#### ABOUT THIS EXERCISE
Make an exact transcript of the lines in the data below, starting with the one containing "This is an authentic" and going on through the one containing "韓系赫本 光澤肌理感緞面黑半裙", with both included and the pictures left out.

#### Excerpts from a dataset
————

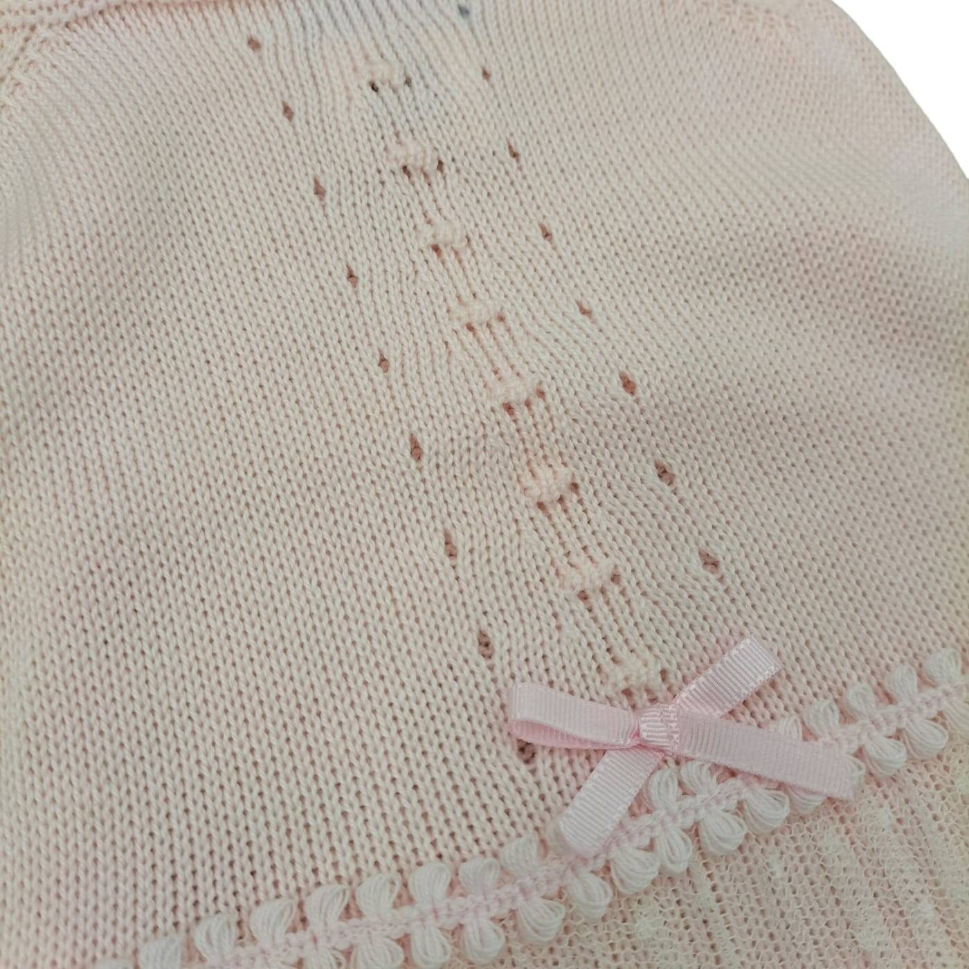 Conjunto de hilo de algodón rosa compuesto por una camisola de tirantes con tul crema en el extremo y un coulottes (cubrepañal) de color liso. Ideal para el verano.
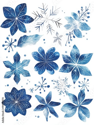 Watercolor Blue Floral Design with Snowflakes
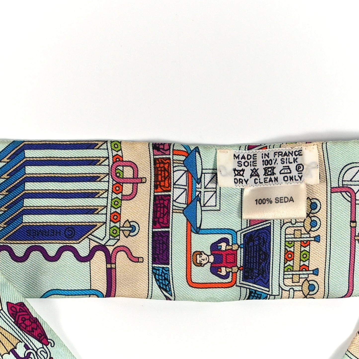 This is an authentic HERMES Silk La Maison des Carres Twilly in Aqua, Vert D'eau, and Rose. This bold scarf is 100% silk and features people in a factory setting on a pastel green background at the iconic Hermes silk scarf factory.Follow this item for alerts. Hermes is a registered trademark of Hermes. FASHIONPHILE is not affiliated with Hermes.
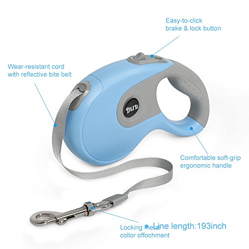 Features: *Durable Material-the 16 Ft Durable Nylon Ribbon gives plenty of space for you and your dog to enjoy a safe walk. *Safety System-One Button Brake Lock and Easy Instant Retraction,No Tangle! *Ergonomic Design-The Anti-slip Handle can help you comfortably maintain a strong grip when the dog run about madly.
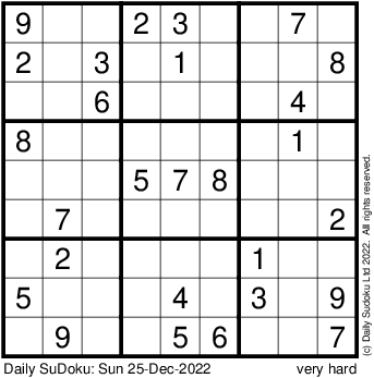 The Daily SuDoku: Sun 25-Dec-2022
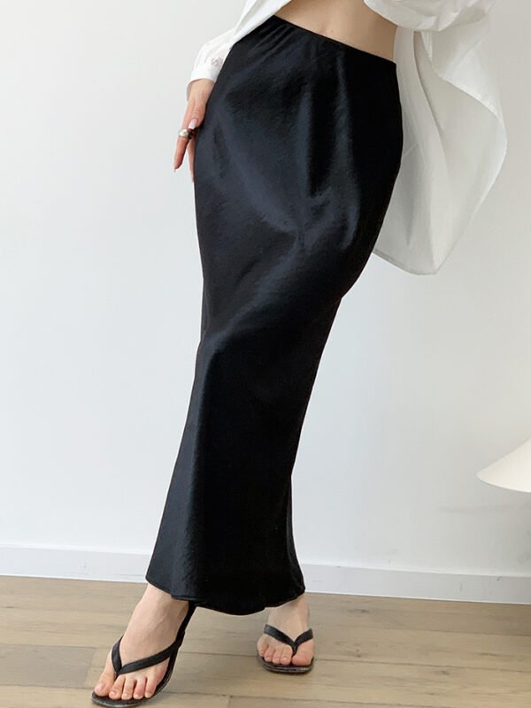 韓系赫本 光澤肌理感緞面黑半裙
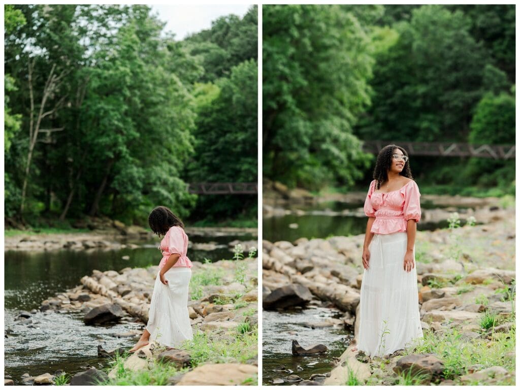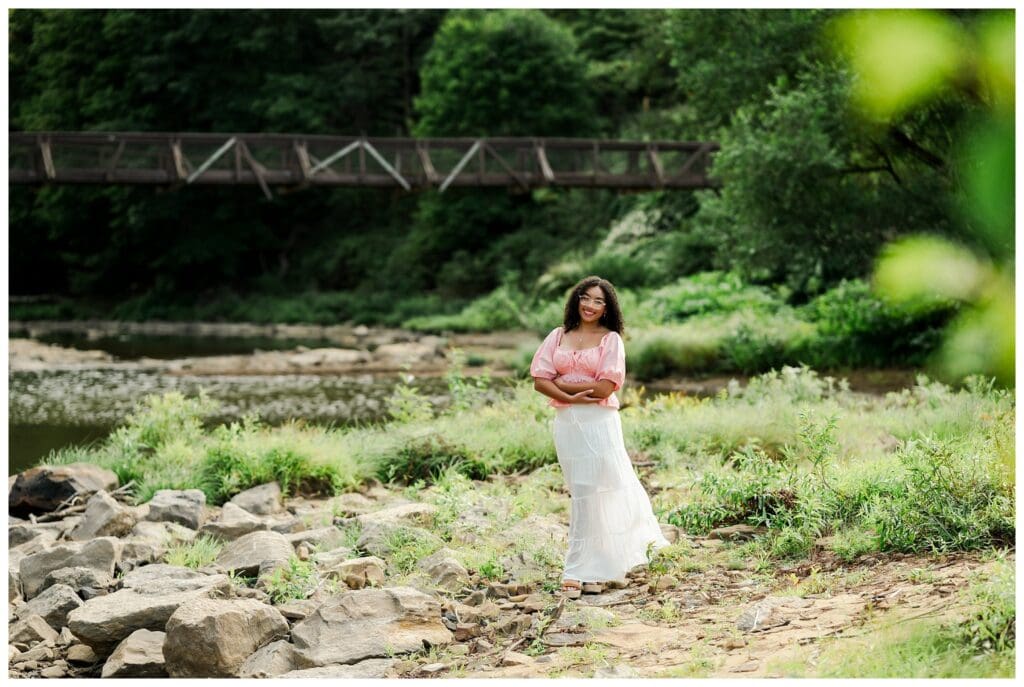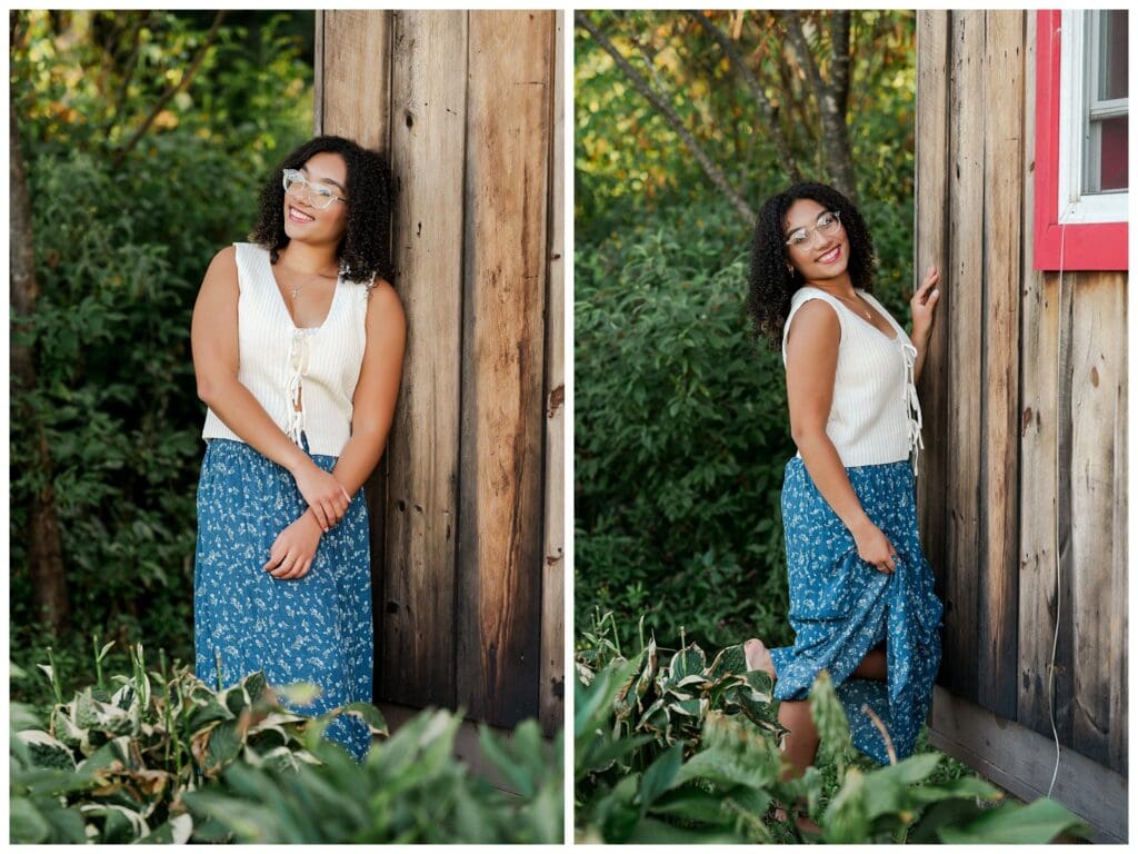 We started at Walter Dick Memorial Park, where the water was cold and rocks were too slippery, but it sure made a beautiful backdrop! From there, we headed to Meadow and Twilight Farm, a favorite spot for seniors with its fields and rustic charm. Both locations enhanced Raven’s natural beauty and sweet smile.

————

#### ANSWER TO THE PROBLEM
 This is an authentic HERMES Silk La Maison des Carres Twilly in Aqua, Vert D'eau, and Rose. This bold scarf is 100% silk and features people in a factory setting on a pastel green background at the iconic Hermes silk scarf factory.Follow this item for alerts. Hermes is a registered trademark of Hermes. FASHIONPHILE is not affiliated with Hermes.
 Features: *Durable Material-the 16 Ft Durable Nylon Ribbon gives plenty of space for you and your dog to enjoy a safe walk. *Safety System-One Button Brake Lock and Easy Instant Retraction,No Tangle! *Ergonomic Design-The Anti-slip Handle can help you comfortably maintain a strong grip when the dog run about madly.
 The Daily SuDoku: Sun 25-Dec-2022
 韓系赫本 光澤肌理感緞面黑半裙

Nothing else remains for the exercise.